What you will do:
Transcribe only the lines in the data below falling between the line with "Radiologic findings, including" and the line with "④チェックインの〇〇日以上前まで予約可能に設定して保存", including those two lines, and leave out any picture.

Material shown:

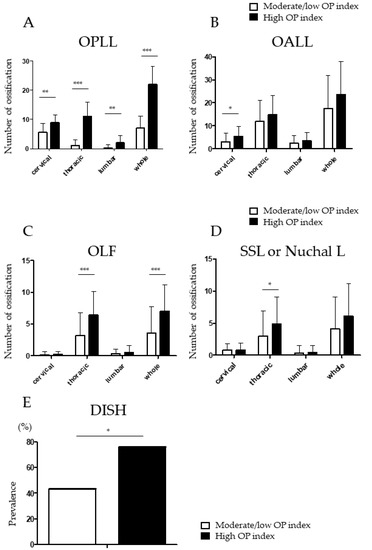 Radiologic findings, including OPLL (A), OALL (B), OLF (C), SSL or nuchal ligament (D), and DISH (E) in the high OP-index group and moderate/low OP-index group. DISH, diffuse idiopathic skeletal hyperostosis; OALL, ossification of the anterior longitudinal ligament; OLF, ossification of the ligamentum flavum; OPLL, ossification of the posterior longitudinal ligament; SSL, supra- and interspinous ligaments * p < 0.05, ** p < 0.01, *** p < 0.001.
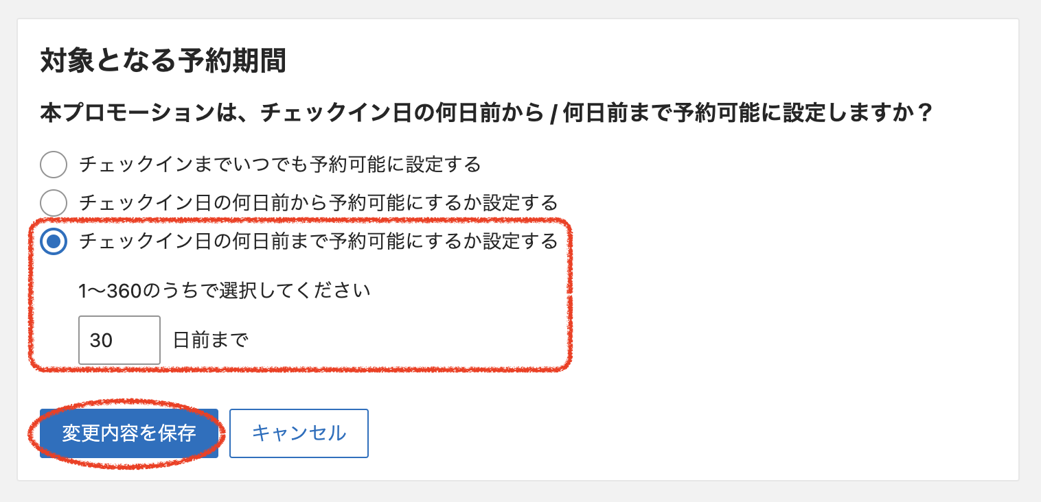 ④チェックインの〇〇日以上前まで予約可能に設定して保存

---

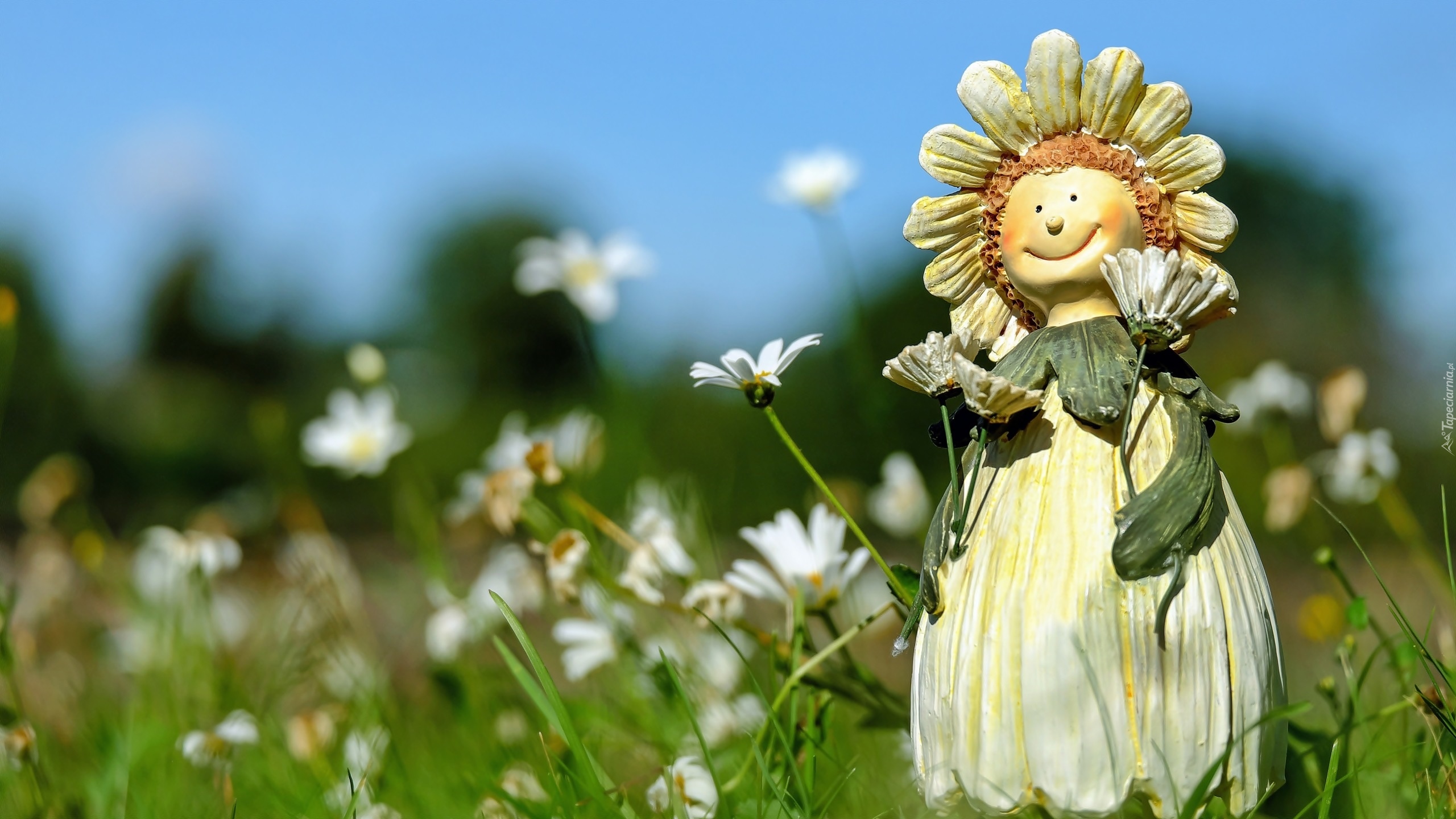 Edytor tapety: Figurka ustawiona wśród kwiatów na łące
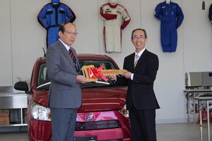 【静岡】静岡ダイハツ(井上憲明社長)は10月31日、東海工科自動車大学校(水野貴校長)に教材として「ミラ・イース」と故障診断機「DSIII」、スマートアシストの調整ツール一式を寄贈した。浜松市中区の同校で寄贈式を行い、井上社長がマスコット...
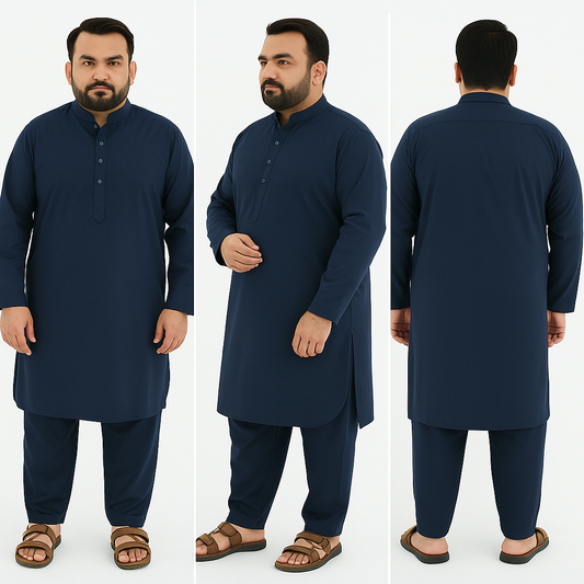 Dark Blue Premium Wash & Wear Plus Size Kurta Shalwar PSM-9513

Result below:
 Radiologic findings, including OPLL (A), OALL (B), OLF (C), SSL or nuchal ligament (D), and DISH (E) in the high OP-index group and moderate/low OP-index group. DISH, diffuse idiopathic skeletal hyperostosis; OALL, ossification of the anterior longitudinal ligament; OLF, ossification of the ligamentum flavum; OPLL, ossification of the posterior longitudinal ligament; SSL, supra- and interspinous ligaments * p < 0.05, ** p < 0.01, *** p < 0.001.
 ④チェックインの〇〇日以上前まで予約可能に設定して保存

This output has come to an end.